Route Map

Mission

The mission of this trip is to explore, through a multitude of lenses, what it means to be on the road and develop the tools with which I can effectively share this experience with others.

Throughout this journey, I will photo document, journal, report on, and share with others, what it is that I am doing in this great big world of ours.

In a grand attempt to culminate my college experience, I will be taking 18 credits, live on my bicycle for 4 months covering thousands of miles, and run my second 100 miler, all while practicing focus and awareness in order to more fully develop my connection to the world that I live in. I will be living up to Sterling College's mission statement: The Sterling College community combines structured academic study with experiential challenges and plain hard work to build responsible problem solvers who become stewards of the environment as they pursue productive lives.

Sunday, May 17, 2015

Lake Erie and all of its flatness.

From East Aurora (outside Buffalo) to Mayfield Heights (Cleveland) 200 miles in 2 days.
My first back to back century rides. ~650 miles deep.
Tomorrow I finally pick up a tent.

The ride through New York was so difficult, I was having a hard time thinking that this ride was going to actually be feasible. But, yesterday, I hit the shores of my first great lake sighting, Lake Erie, and that all changed. I did 50 miles before 12:30 yesterday, and slowly meandered my way down the Grape vine filled coast of western New York to the Pennsylvania border to the sketchy city of Erie Pennsylvania. covering 100 miles. by 6:30.

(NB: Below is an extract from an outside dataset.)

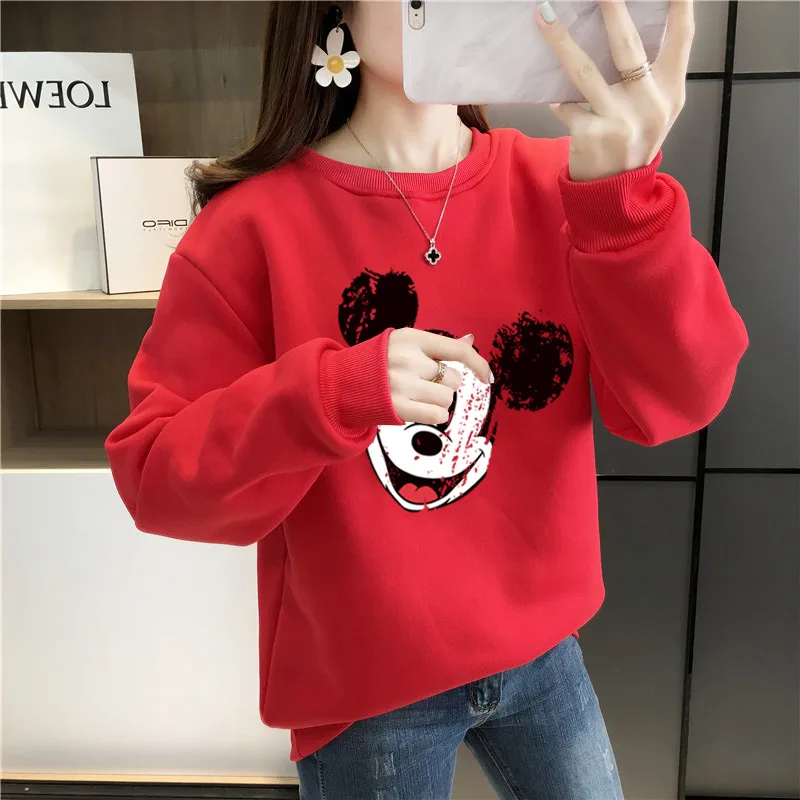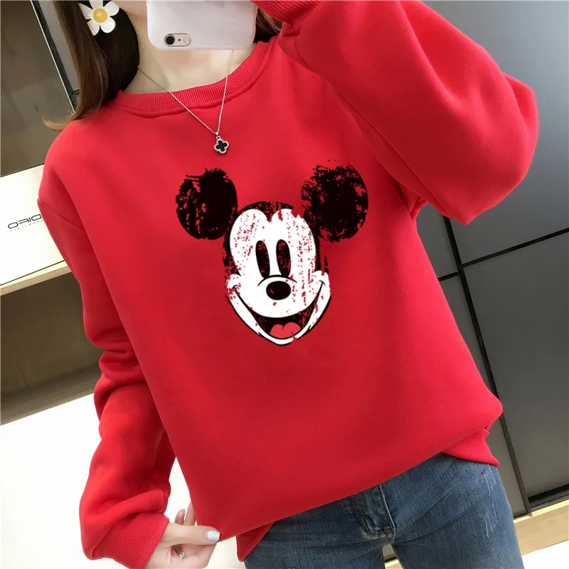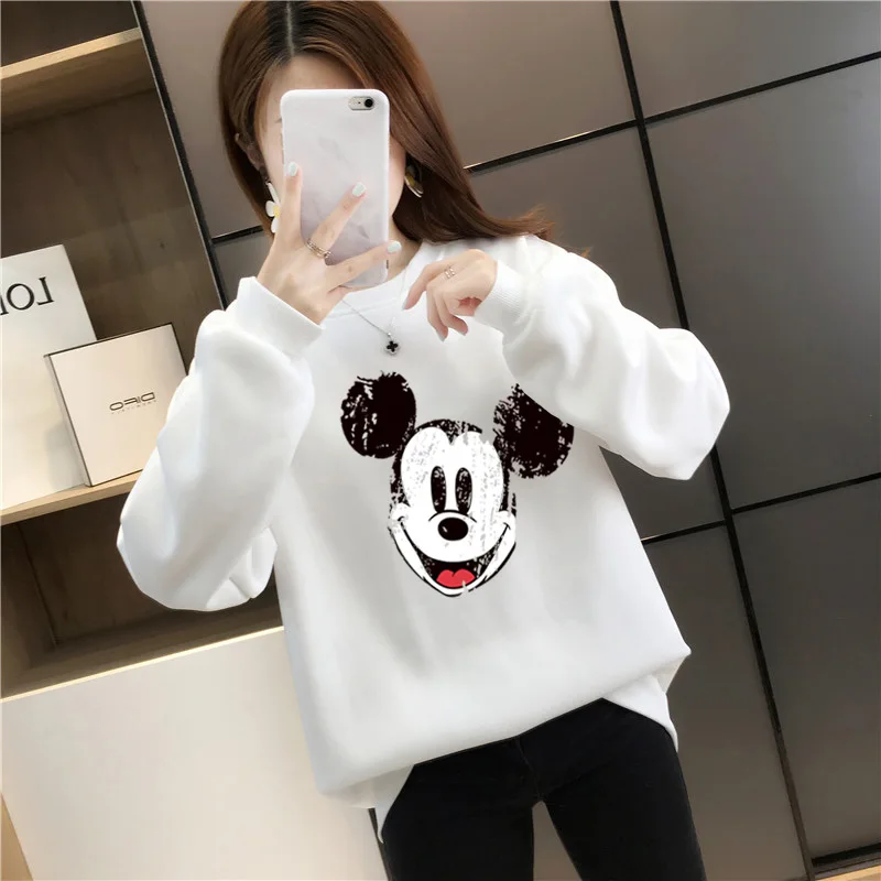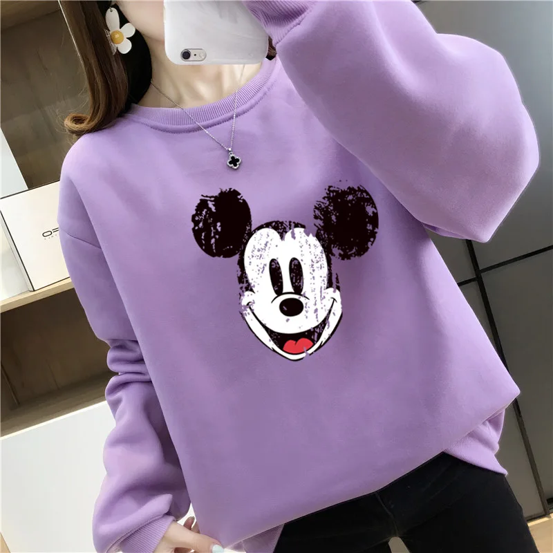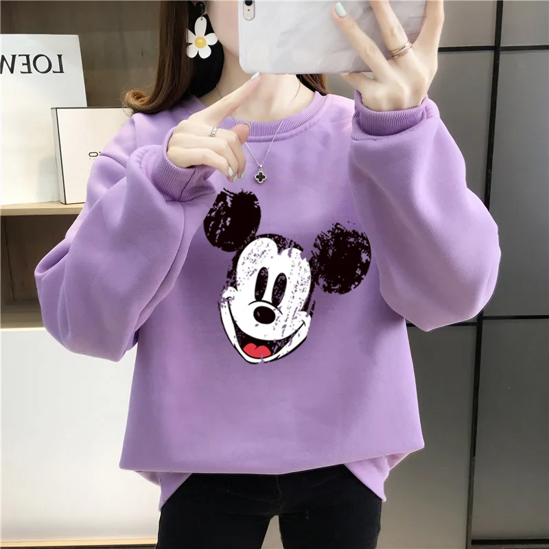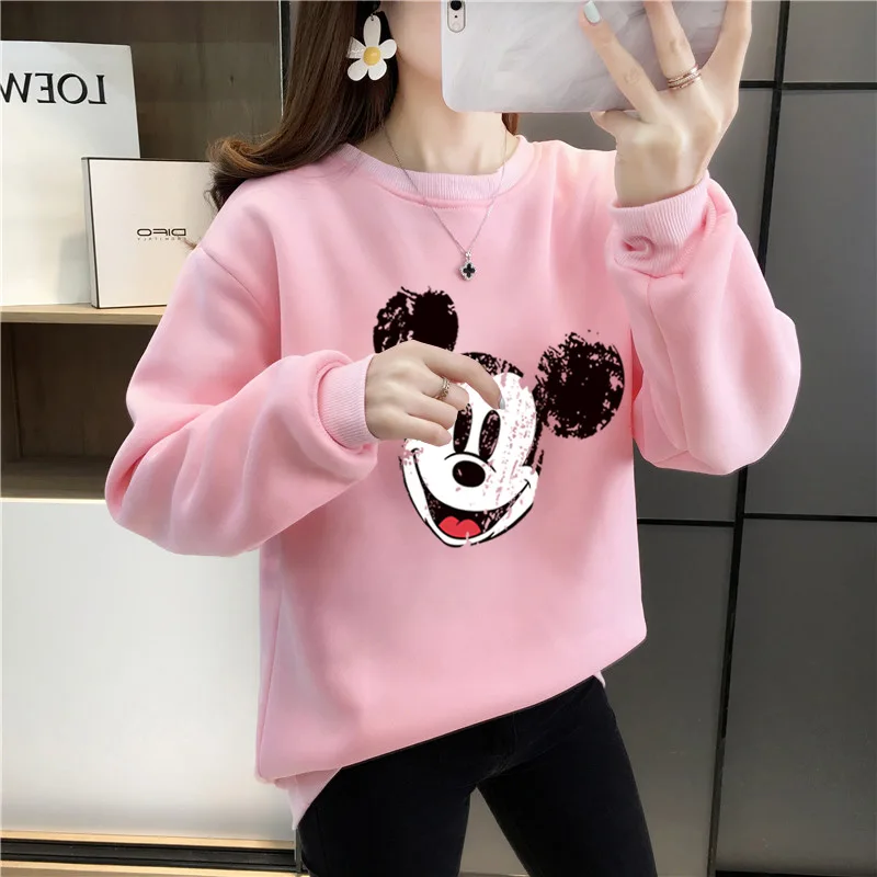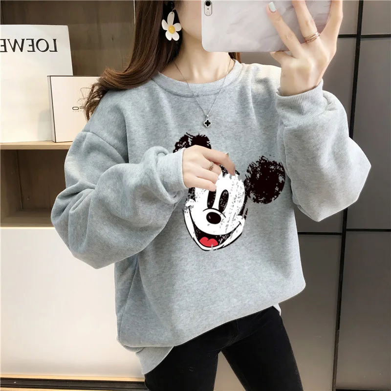 Толстовка Женская, Осень-зима 2021, толстая, теплая, в стиле мультфильма Disney с изображением Микки и полерона, в стиле 90-х, корейский стиль, Y2K

Today I woke up to sounds of cars and the airport (which I slept 100 yards from) in a small patch of woods that can hardly be called woods. Nonetheless, I was safe for the night, out of sight of the passerbyers. I woke early, had a cup of my cold brewed coffee from my nalgene, 2 cliff bars, and got out of there. I stopped for breakfast at a bagel shop in the first town in Ohio (after a quick photo shoot with the border sign). I walk in ask for a coffee, and 2 bagels and a lady slips between me and the register and hands the cashier the money for my breakfast and has me come sit down with her and her 2 friends (the women were all in their 40's and 50's). Ladies out for breakfast plus 1, I give them the shpeel and they quickly give me the best directions to avoid an unnecessarily long detour around a downed bridge.

Later in the day, while taking cover from a passing thunderstorm, I walked into a old gas station where I bought a candy bar and had an other miracle worker buy me a coffee while waiting out the storm.

And now, I am in the hope of one of the most generous people I've met. Treated to a shower and shrimp, and a full dinner, this once was stranger has already left me at their home while they ran some errands. This man, Sean, who is a friend, of a friend of a friend, Has already instilled more trust in me than most instill to their best friends.

There are good people everywhere. But for some reason, they pop out when the hills tuckaway into the back ground.

And as the saying goes that I leave with all those I visit, Cheers to our paths crossing again in the future.